Here are some other juicy disclosures from the hearing:
–The average cost of producing 1 barrel of oil was $11; the average price of the oil in the marketplace–$72– some 6.5 times the cost of getting the oil out of the ground.
–The profits for the big 6 oil companies was $36 billion in the year’s first quarter. A large part of the $36 billion was used to buyback shares or pay dividends to shareholders.
Saudi Prince Alwaleed says that production costs are even lower – in the range of $4 to $6 per barrel:
As Goldman Sachs has admitted, speculators have caused the price of oil to rise at least $25 per barrel above what fundamentals would dictate. In truth, the entire media narrative has been spun to mislead the public into believing that price moves are being driven by increases in demand.
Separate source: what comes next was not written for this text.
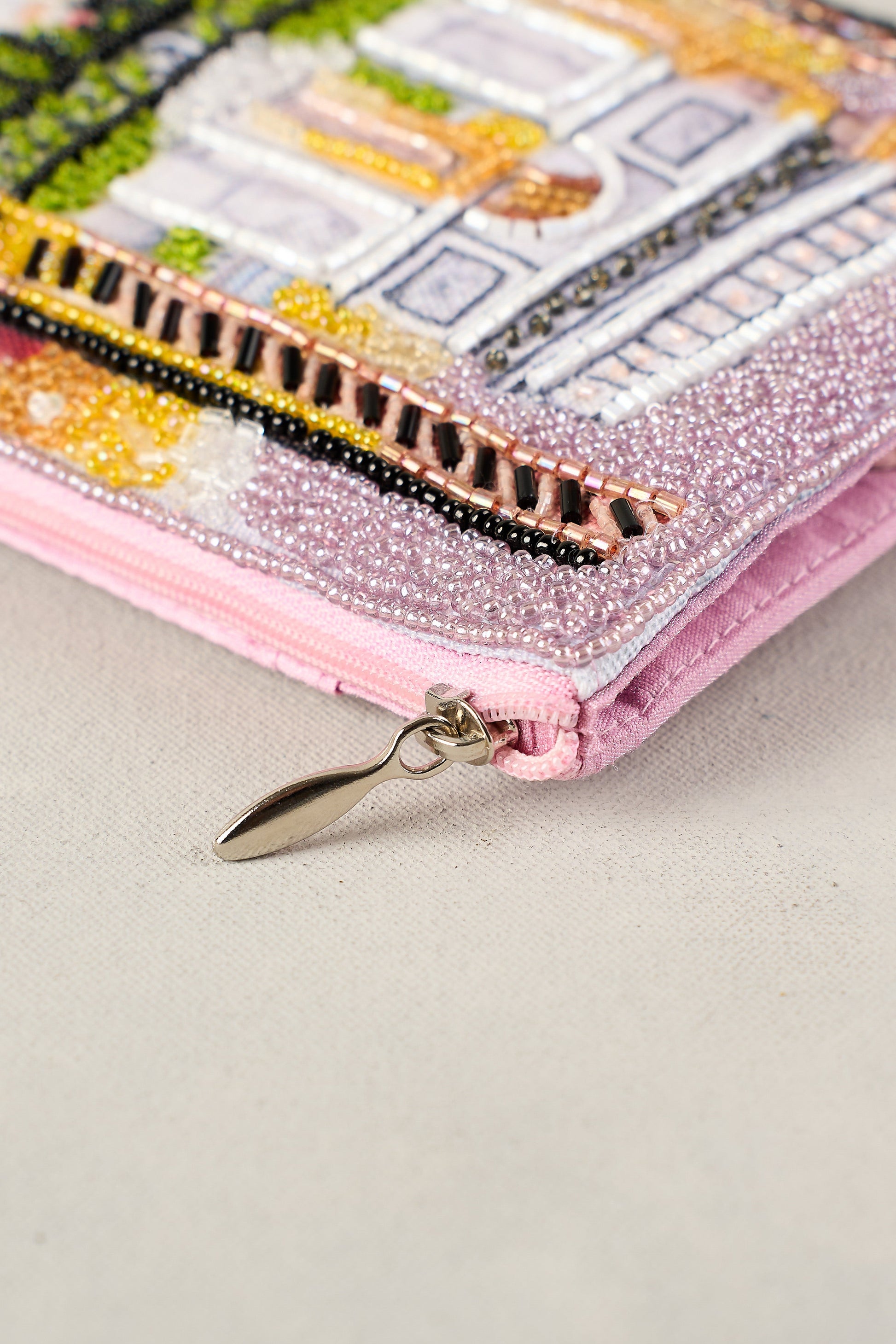 Elevate your beauty routine with our Arc De Triomphe Cosmetic Bag. This chic bag boasts a beau balcony scene and one of Paris’ most-loved landmarks. Adorned with embroidery, seed and glass bead detailing, organise your essentials effortlessly and securely with 3 handy compartments.

Despite the fact that oil consumption decreased by 1.1 Mbd over the last year, news outlets have suggested otherwise by stating that there has been a "drawdown of inventories". This is because deliveries of oil have decreased by 1.2 Mbd over the same period.
Clearly there is no shortage of oil, the US has 1.75Bn barrels of oil in storage, enough to offset 186 days of imports (9.4Mbd) and 60% of those imports come from Canada and Mexico, not OPEC so our 1,750 MILLION barrels of storage would offset over 500 days worth of imports from the Middle East and Africa – even if it was TOTALLY cut off...
Oil jumped yesterday, as it often does, on a draw-down in oil inventories which Criminal Narrators Boosting Crude play off as an indication that demand is picking up. This could not be further from truth! What CNBC, the WSJ or any kind of real journalist COULD do, in roughly 30 seconds, is LOOK at the ACTUAL EIA Report. Doing that, they would see that the net drawdown of 100,000 barrels was caused by Net Imports of crude dropping from 10.62Mbd last year to 9.42Mbd this year.